Given entries »
----------------------------------------

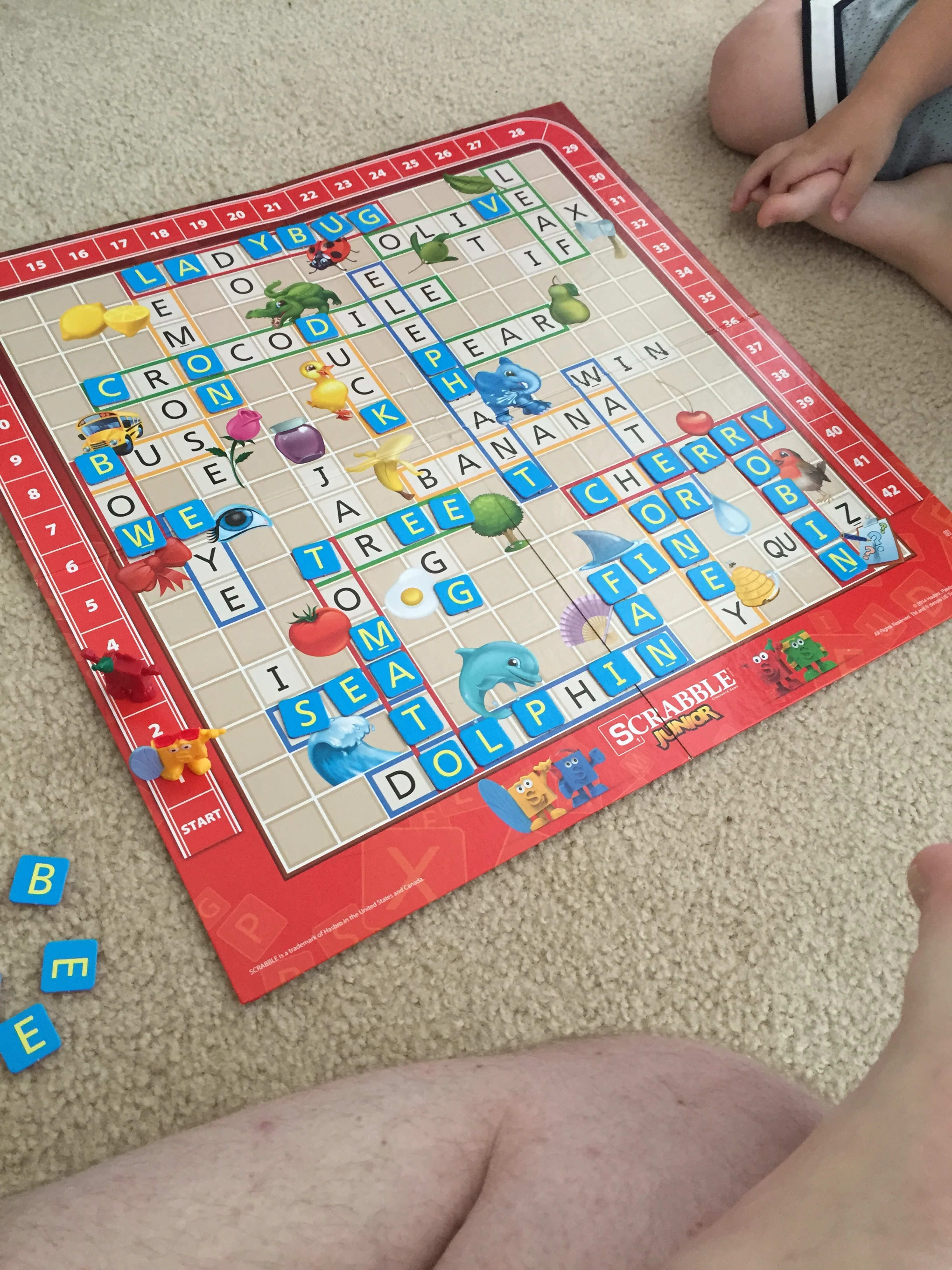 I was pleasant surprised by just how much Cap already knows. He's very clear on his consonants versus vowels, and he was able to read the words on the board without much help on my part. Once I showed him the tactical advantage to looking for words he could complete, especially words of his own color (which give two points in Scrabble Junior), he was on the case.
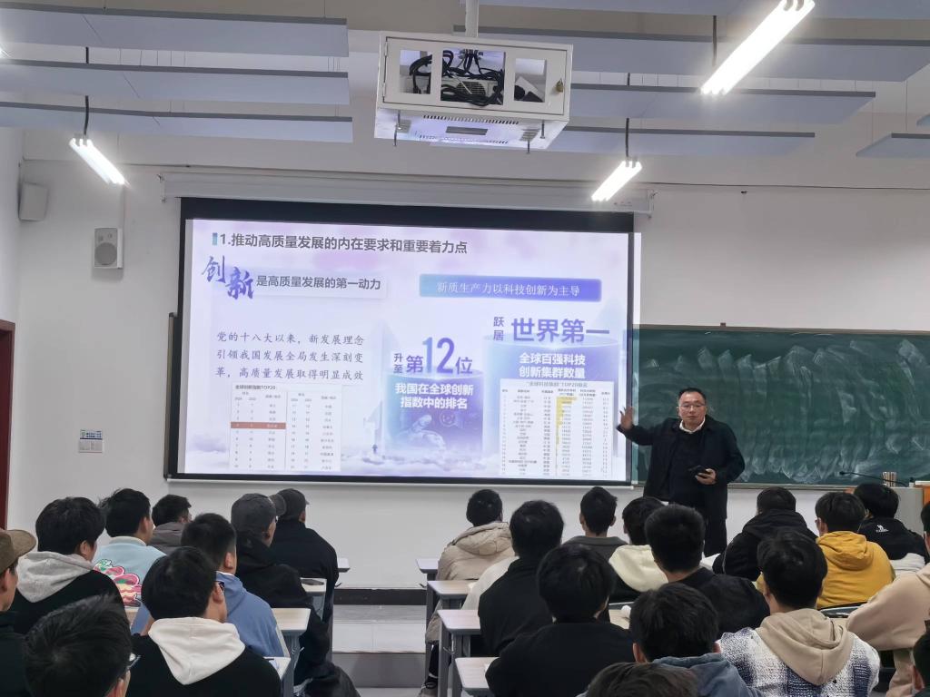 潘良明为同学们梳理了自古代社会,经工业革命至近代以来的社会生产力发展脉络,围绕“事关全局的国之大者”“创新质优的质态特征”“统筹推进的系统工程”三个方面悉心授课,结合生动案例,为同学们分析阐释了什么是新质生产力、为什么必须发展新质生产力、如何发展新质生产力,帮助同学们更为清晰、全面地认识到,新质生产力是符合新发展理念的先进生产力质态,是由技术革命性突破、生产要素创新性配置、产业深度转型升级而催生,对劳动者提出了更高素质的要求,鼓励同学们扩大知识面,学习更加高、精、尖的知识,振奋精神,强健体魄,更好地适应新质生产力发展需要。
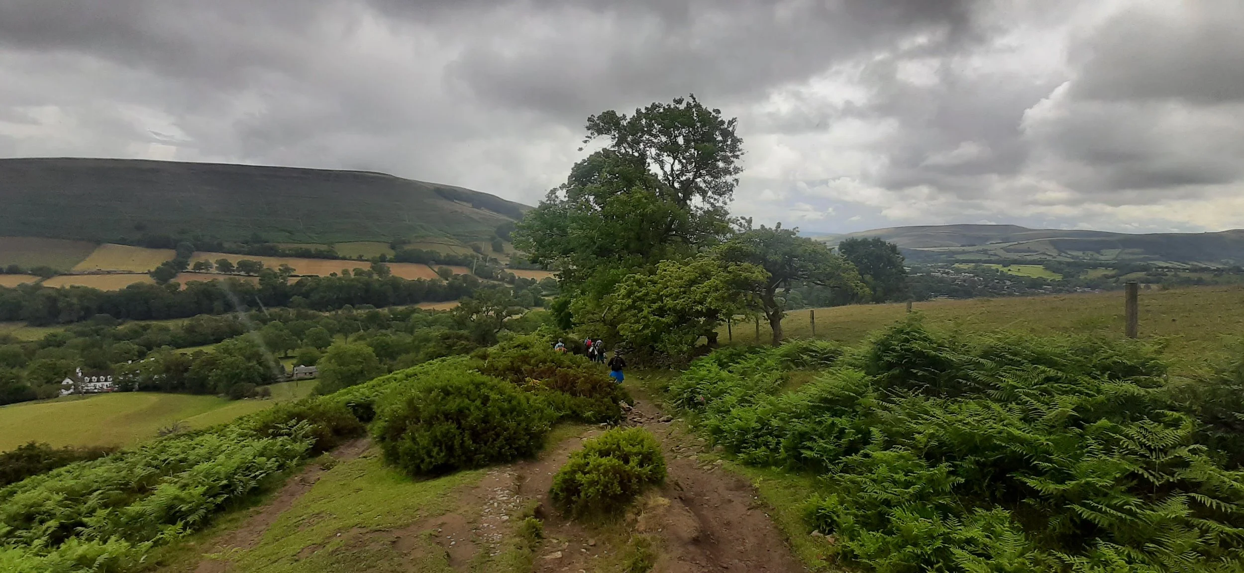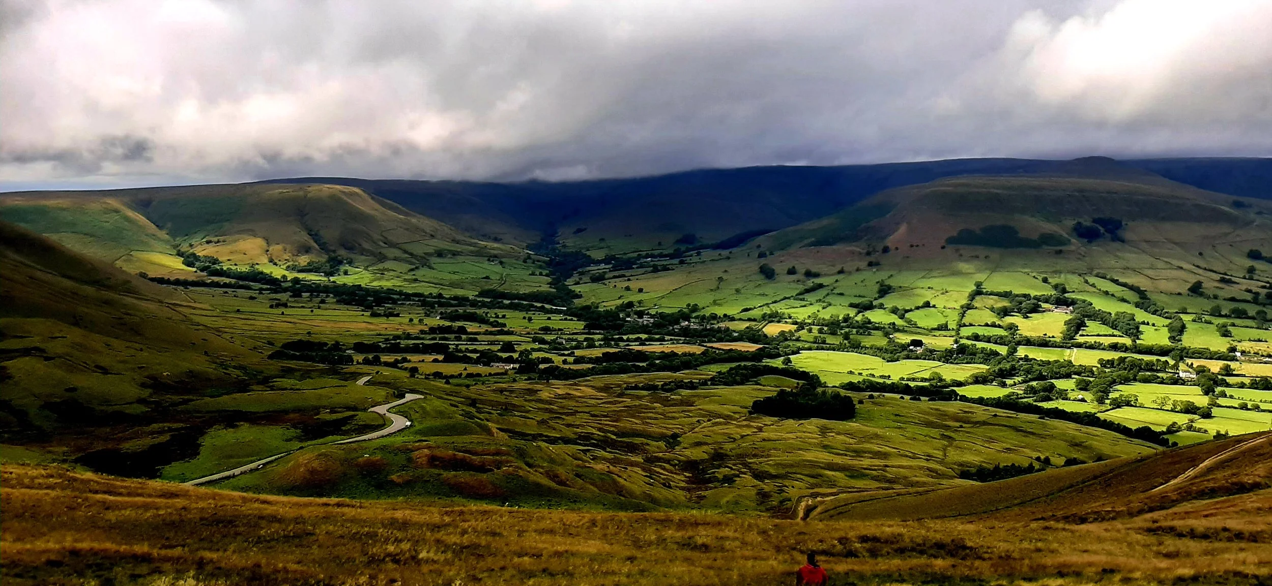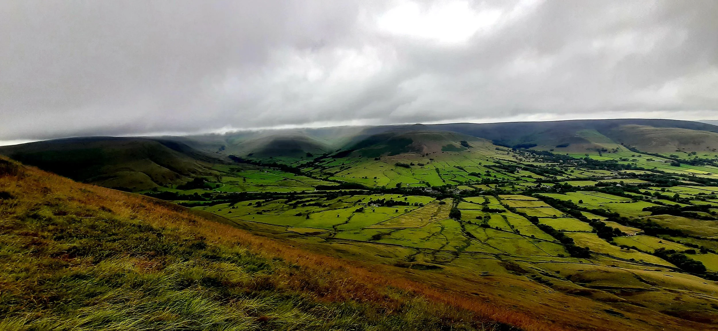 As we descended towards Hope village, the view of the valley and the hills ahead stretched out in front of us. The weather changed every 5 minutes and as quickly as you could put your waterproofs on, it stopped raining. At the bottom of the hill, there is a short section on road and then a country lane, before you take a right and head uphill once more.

----------------------------------------

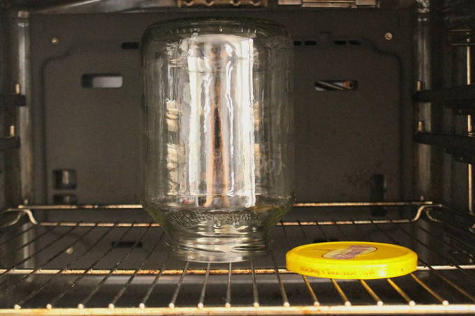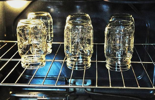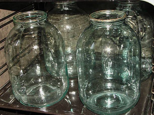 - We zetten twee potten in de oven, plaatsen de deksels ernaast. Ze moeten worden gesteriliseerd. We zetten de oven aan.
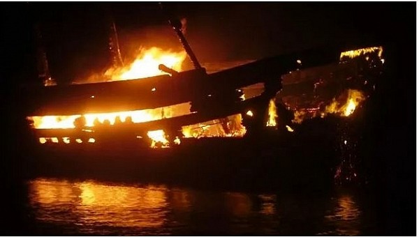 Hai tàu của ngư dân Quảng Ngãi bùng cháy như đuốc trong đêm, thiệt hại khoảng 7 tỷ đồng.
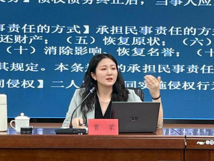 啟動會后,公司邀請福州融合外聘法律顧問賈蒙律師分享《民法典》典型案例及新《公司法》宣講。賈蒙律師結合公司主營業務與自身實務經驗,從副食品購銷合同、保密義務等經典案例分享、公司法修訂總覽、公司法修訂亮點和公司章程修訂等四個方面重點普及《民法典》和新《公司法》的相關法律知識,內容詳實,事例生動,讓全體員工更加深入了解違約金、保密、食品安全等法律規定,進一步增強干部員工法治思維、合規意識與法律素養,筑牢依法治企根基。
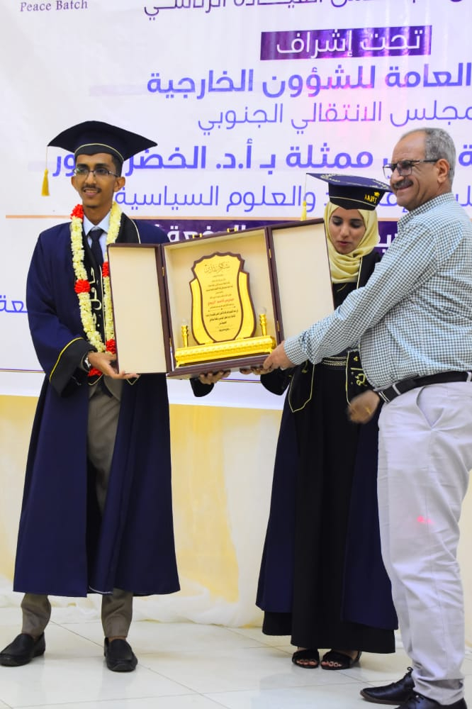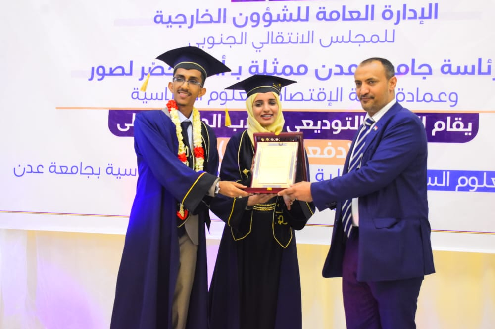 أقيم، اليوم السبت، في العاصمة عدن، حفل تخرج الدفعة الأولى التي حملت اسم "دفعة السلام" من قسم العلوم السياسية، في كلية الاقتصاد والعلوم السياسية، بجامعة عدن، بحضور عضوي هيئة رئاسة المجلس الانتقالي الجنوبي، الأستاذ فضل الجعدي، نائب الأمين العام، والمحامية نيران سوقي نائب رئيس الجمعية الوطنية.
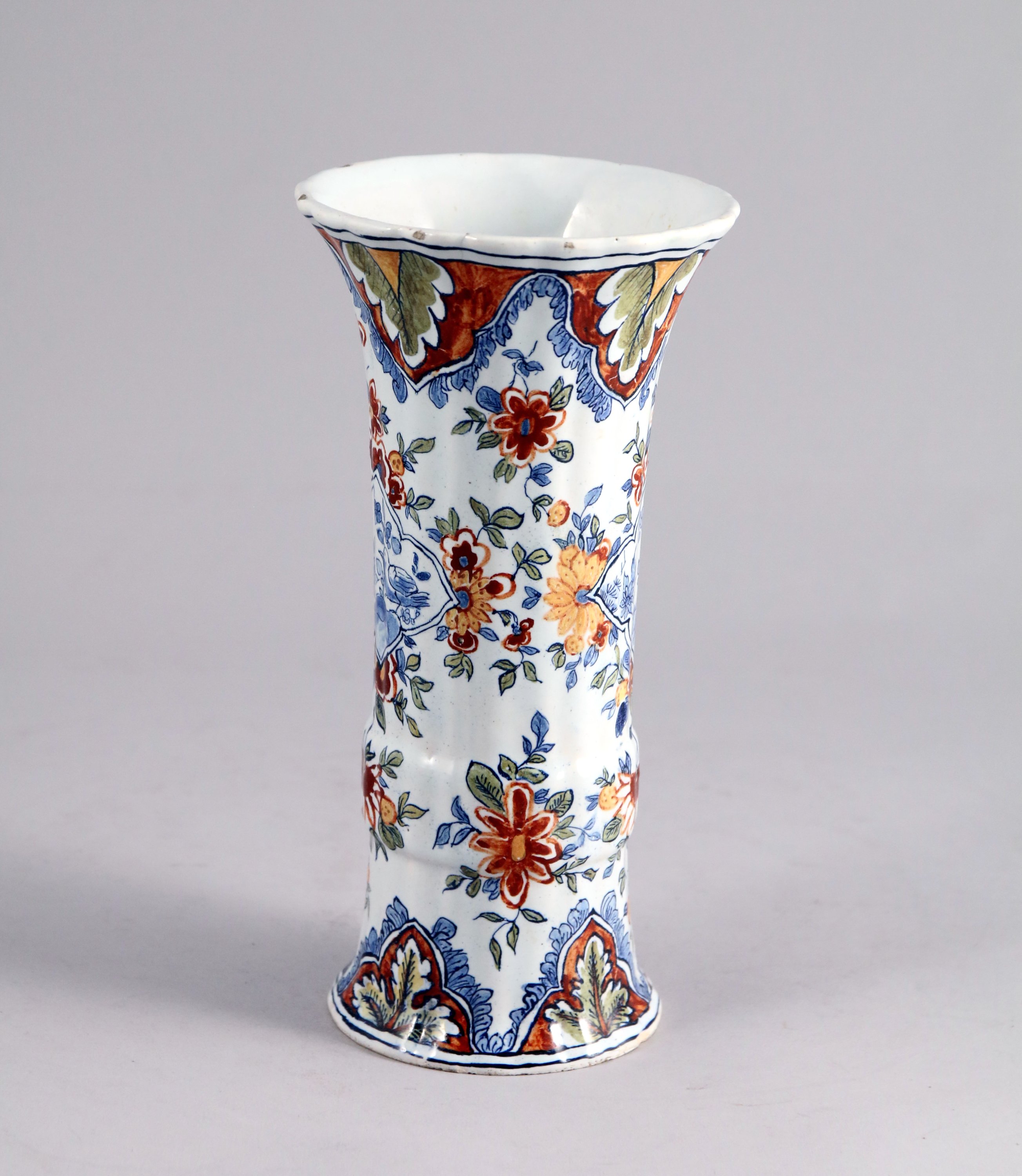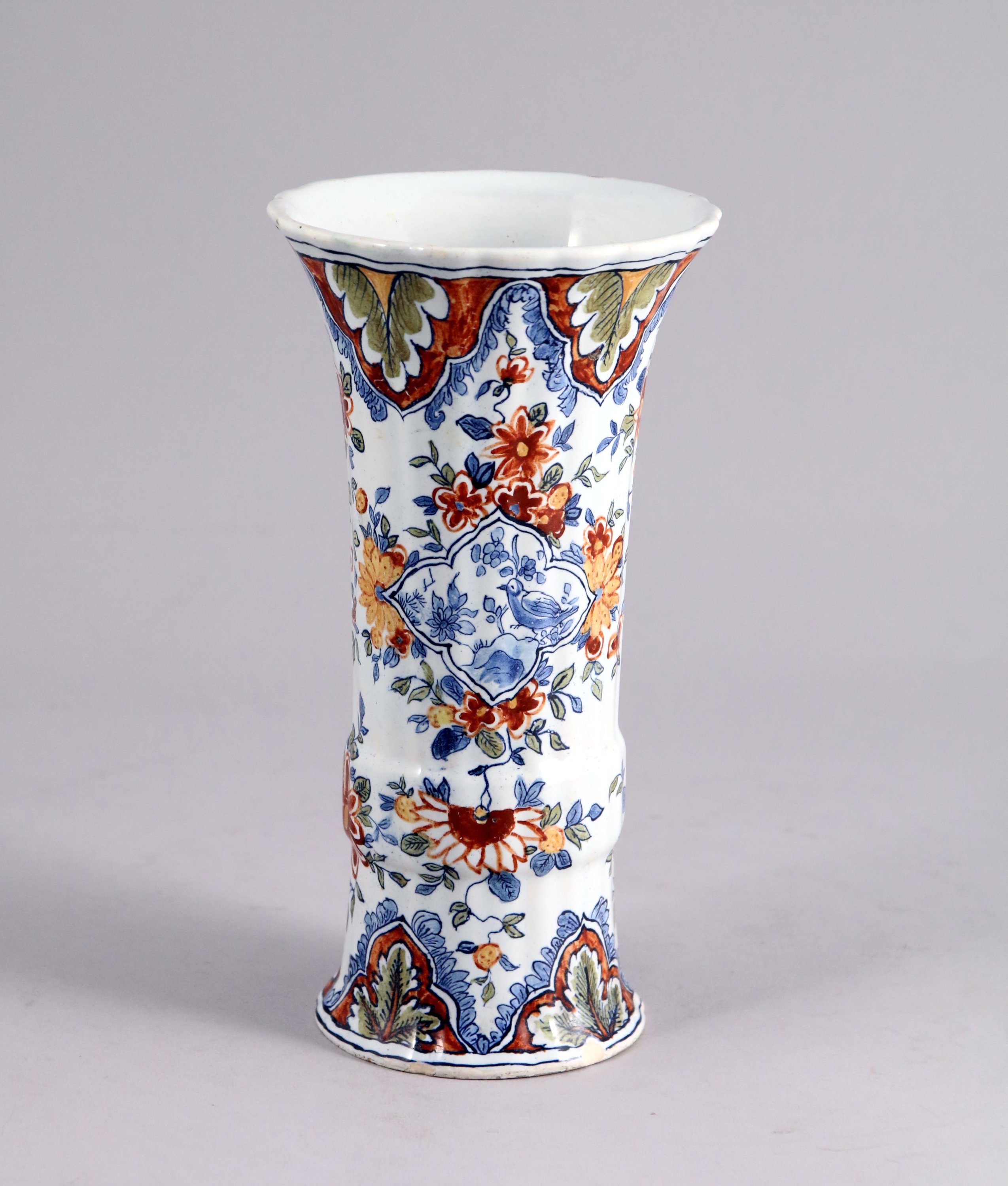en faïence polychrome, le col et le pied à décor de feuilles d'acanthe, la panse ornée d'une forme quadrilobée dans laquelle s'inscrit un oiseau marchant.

----------------------------------------

Assignment » In the records above, find the line with "I was pleasant" and the line with "潘良明为同学们梳理了自古代社"; please transcribe exactly those two lines and all lines between them, omitting any picture.

Written response »
 I was pleasant surprised by just how much Cap already knows. He's very clear on his consonants versus vowels, and he was able to read the words on the board without much help on my part. Once I showed him the tactical advantage to looking for words he could complete, especially words of his own color (which give two points in Scrabble Junior), he was on the case.
 潘良明为同学们梳理了自古代社会,经工业革命至近代以来的社会生产力发展脉络,围绕“事关全局的国之大者”“创新质优的质态特征”“统筹推进的系统工程”三个方面悉心授课,结合生动案例,为同学们分析阐释了什么是新质生产力、为什么必须发展新质生产力、如何发展新质生产力,帮助同学们更为清晰、全面地认识到,新质生产力是符合新发展理念的先进生产力质态,是由技术革命性突破、生产要素创新性配置、产业深度转型升级而催生,对劳动者提出了更高素质的要求,鼓励同学们扩大知识面,学习更加高、精、尖的知识,振奋精神,强健体魄,更好地适应新质生产力发展需要。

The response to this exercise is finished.